Новый пожар был намного сильнее предыдущих. Мы чувствовали себя маленькой букашкой перед бушующим морем огня. Чтобы погасить его, надо было сделать полетов 50-70. А солнце уже садилось за вершины гор. Понимая, что сегодня пожар не одолеем, я сказал руководителю пожаротушения, что лучше сбросить воду возле дома, к которому огонь подступил вплотную. Тот согласился, и мы сделали пробный заход.

Низкое солнце, сгустившиеся тени на склонах гор и дым размывали линию горизонта, затрудняли визуальную ориентировку. Со второго захода я сбросил воду и ушел на разворот. Увидел, что вслед за нами шел на сброс Братыщенко.

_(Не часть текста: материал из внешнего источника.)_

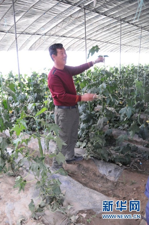 山東壽光的漢族“老支書”盛學(xué)武正在打理蔬菜。新華社記者魏兆陽攝

После 13-часового рабочего дня мы приземлились в Валенсии. Заруливаем на стоянку. Вот-вот должен сесть и Гена. Уже темнеет. На скамейке лежит видеокамера Цыганка, которой Саша целый день снимал нашу работу с вертушки. Его пленка потом нам здорово пригодилась. А ребят все нет. Странно… Вдруг из темноты вырос встревоженный Карлос Мачадо -- португальский летчик, с которым я летал в одном экипаже, и сообщил, что произошел «аксидент», то есть катастрофа. Но, возможно, кто-то жив, и туда вылетел вертолет со спасателями. Господи… У меня все оборвалось.

Мы бросились искать другой вертолет. К сожалению, все испанские летчики уже давно разъехались по домам. Но тут вернулись спасатели и сказали, что одного человека из разбившегося самолета отправили в больницу, остальные погибли…

Ночь мы не спали. Что скажем родным ребят? Неужели я как командир группы что-то недоработал, не учел, не предупредил? Гена Братыщенко, выходец из рабочего Донбасса -- порывистый, эмоциональный человек, был первоклассным летчиком. Испытывал многие типы самолетов, летал даже на сверхзвуковом пассажирском Ту-144. Иногда мог полихачить, но на рожон не лез, прошлой осенью отлично отработал в Крыму, радовался маленькой внучке…

Рано утром я нашел машину и поехал к Семиряду. Мысленно молил Бога, чтобы хотя бы Саша выжил… К моему удивлению, Александр Иванович с забинтованной головой и обеими руками… сидел на кровати в своей отдельной палатке-боксе ожогового центра и улыбался. Чувствовалось, что его напичкали лекарствами. Но говорил вполне внятно.

За долгие годы работы в авиации мне не раз приходилось участвовать в расследовании тяжелых летных происшествий, но не помню, чтобы в подобных ситуациях кто-либо выживал. Саша вернулся, считай, с того света!

«Я не видел упавший самолет из-за стены огня»

Александру Ивановичу Семиряду 53 года. Но выглядит этот крепкий немногословный сибиряк моложе. Никогда бы не подумал, что человек побывал в такой передряге. Похоже, любимое словечко у него «нормально». Когда я спросил, попадал ли он когда-либо в похожие ситуации раньше, ответил отрицательно. И лишь после наводящего вопроса насчет хотя бы автопроисшествий улыбнулся: «Ну какой же автомобилист когда-нибудь кого-нибудь не цеплял? Да, однажды под Иркутском, где мы жили в мою бытность школьником, отец перевернул нас, всю семью, на «Москвиче». И ничего, нормально! Никто сильно не пострадал. Так, испугались маленько… »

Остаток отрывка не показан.